BEETHOVEN
sam. 07 mars
|Paris
Un diptyque exceptionnel : les romances pour violon interprétées par Eric Lacrouts et la symphonie 7 !


DATE & LIEU
07 mars 2026, 20:30 – 22:00
Paris, 17 Rue d'Ulm, 75005 Paris, France
À PROPOS
La 7ᵉ Symphonie en la majeur, op. 92 (1812) et les deux Romances pour violon, op. 40 et op. 50 (composées à la charnière des années 1798–1805) tracent un diptyque révélateur de l’évolution stylistique de Beethoven.
Dans les Romances, l’héritage mozartien et haydnien reste perceptible : une écriture cantabile, où la mélodie soliste flotte au-dessus d’un tissu orchestral discret, presque concertant. Beethoven y cultive une rhétorique de la simplicité, un art de la ligne chantée qui prépare déjà l’intensité expressive de ses grands concertos. Vous pourrez écouter Eric Lacrouts en soliste !
La 7ᵉ Symphonie, en revanche, témoigne d’un Beethoven de maturité, maître de la forme et du rythme. L’omniprésence de la pulsation, du célèbre Allegretto jusqu’au finale, confère à l’œuvre une dynamique quasi chorégraphique. Wagner parlera de « l’apothéose de la danse », soulignant ce travail d’ivresse rythmique où le motif devient moteur de l’architecture.

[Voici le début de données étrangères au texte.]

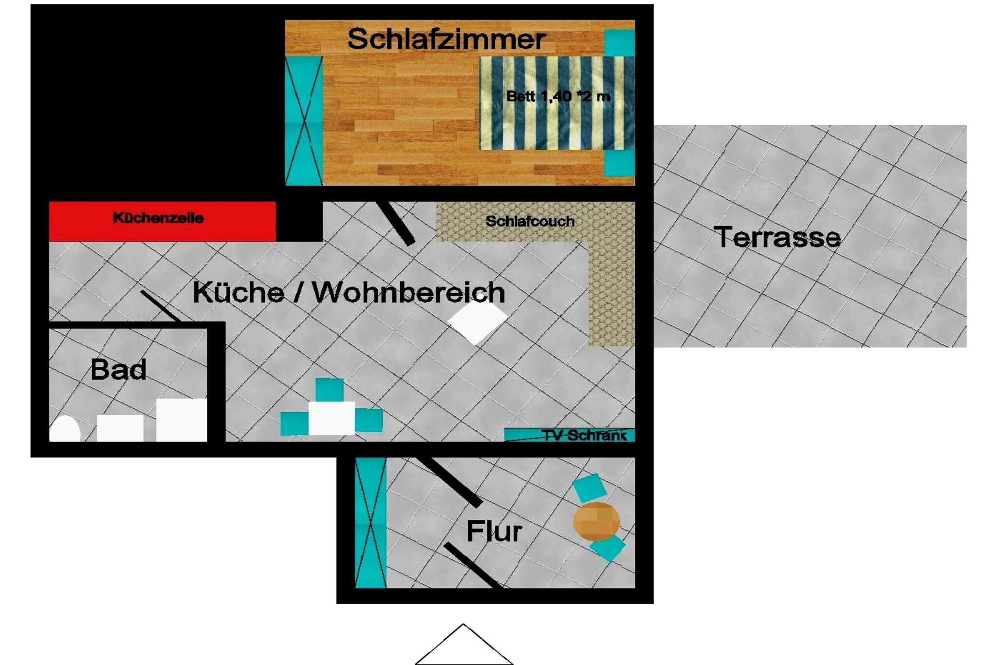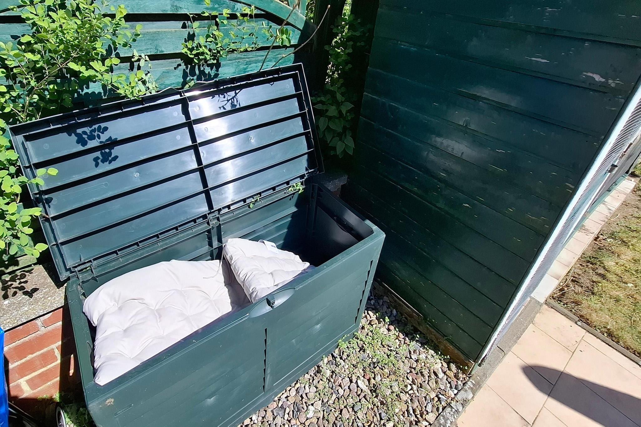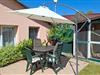 Stueetage: (åbent køkken(kogeplade(Komfur med fire kogeplader, glaskeramisk), elkedel, brødrister, emhætte, kaffemaskine, ovn, mikrobølgeovn, opvaskemaskine , køleskab, fryser, vaskemaskine), Stue/soveværelse(enkeltsovesofa(160 x 200 cm), Fjernsyn(fladskærm), spisebord, sofahjørne), soveværelse(dobbeltseng(dobbeltlagen, to enkeltdyner, 140 x 200 cm)), badeværelse(bruser, håndvask, toilet), Repos, varme) terrasse, have(deles med ejer), havemøbler, grill, parkering, Parasol

Réunies, ces pages dessinent un contraste fécond : d’un côté, l’intériorité lyrique, presque archaïsante, des Romances ; de l’autre, la vitalité dionysiaque et la modernité formelle de la Symphonie. Ce diptyque fait entendre à la fois la permanence du chant et l’audace du mouvement, deux pôles inséparables de l’esthétique beethovénienne.